By way of clinical characterization, Chen et al. (2004) stated that individuals affected with ALS4 usually have an onset of symptoms at age less than 25 years, a slow rate of progression, and a normal life span.

Mapping

Chance et al. (1998) performed a genomewide search in an 11-generation kindred with juvenile ALS and found a lod score of 18.8 at theta = 0.00 with D9S1847. Analysis of recombinant events identified D9S1831 and D9S164 as flanking markers, defining an interval of approximately 5 cM that harbors the ALS4 gene on chromosome 9q34. Thus, the gene for this disorder, designated ALS4, is genetically distinct from previously mapped familial ALS syndromes. Blair et al. (2000) refined the position of the ALS4 locus to a critical interval of less than 3 cM on 9q34.

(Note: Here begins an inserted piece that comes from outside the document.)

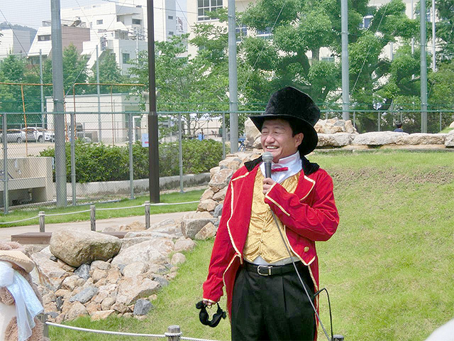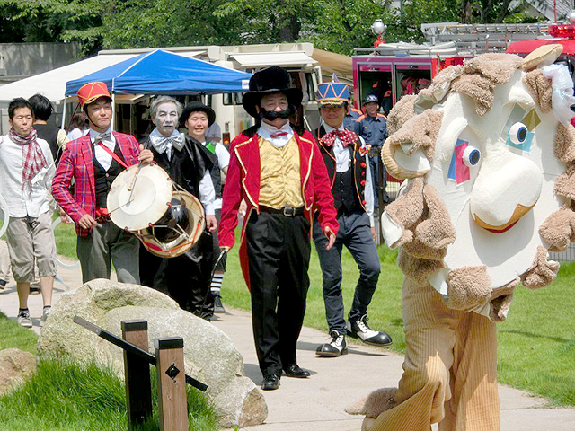 本日午前、市役所本庁舎北側の四番丁小学校跡地に公共施設を整備した四番丁スクエアにおいて、「まちづくり学校文化祭」を開催しました。 この文化祭は、昨年8月にオープンした四番丁スクエアを多くの市民の皆様に知ってもらうおうと「子ども」をテーマに、そして「サーカス」をキーワードに、今回初めて開催したものです。オープニングでは、私もサーカス一座の座長に扮して、パレードをした後、お集まりの皆様にあいさつをしました。その他、綱渡りやジャグリングのショーや子どもを対象とした体験型のプログラムも多数行われ、子ども達を中心に多くの皆様に楽しんでいただくことができました。四番丁スクエアには、コミュニティ協議会連合会と連合自治会連絡協議会の事務局ならびに市民活動団体が利用する市民活動センターが入所しており、この場所が、本市が進める地域コミュニティや市民活動団体の協働によるまちづくりの拠点となることを願っております。
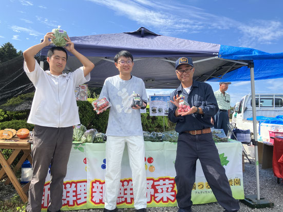 幸満つる 野蒜農園の色とりどりの新鮮野菜を手に取っていただくとともに、「いらっしゃいませ!」「ありがとうございました!」と元気なスタッフがいきいきと働く事業所として知っていただくきっかけになった販売会でした。

In 3 families with a clinical syndrome with similarities to both ALS4 and dHMN, De Jonghe et al. (2002) found positive linkage (lod scores greater than 3) with markers located within the ALS4 locus region on 9q34. They narrowed the locus to a 5-cM region between markers D9S64 and D9S164.

Molecular Genetics

To identify the molecular basis of ALS4, Chen et al. (2004) tested 19 genes within the critical region for ALS4 identified by linkage studies and detected 3 different missense mutations in the senataxin gene (SETX; 608465).

Nomenclature

De Jonghe et al. (2002) commented on potential nomenclature and classification confusion of the disorders designated distal HMN, distal spinal muscular atrophy, spinal CMT, and ALS that show linkage to the ALS4 locus.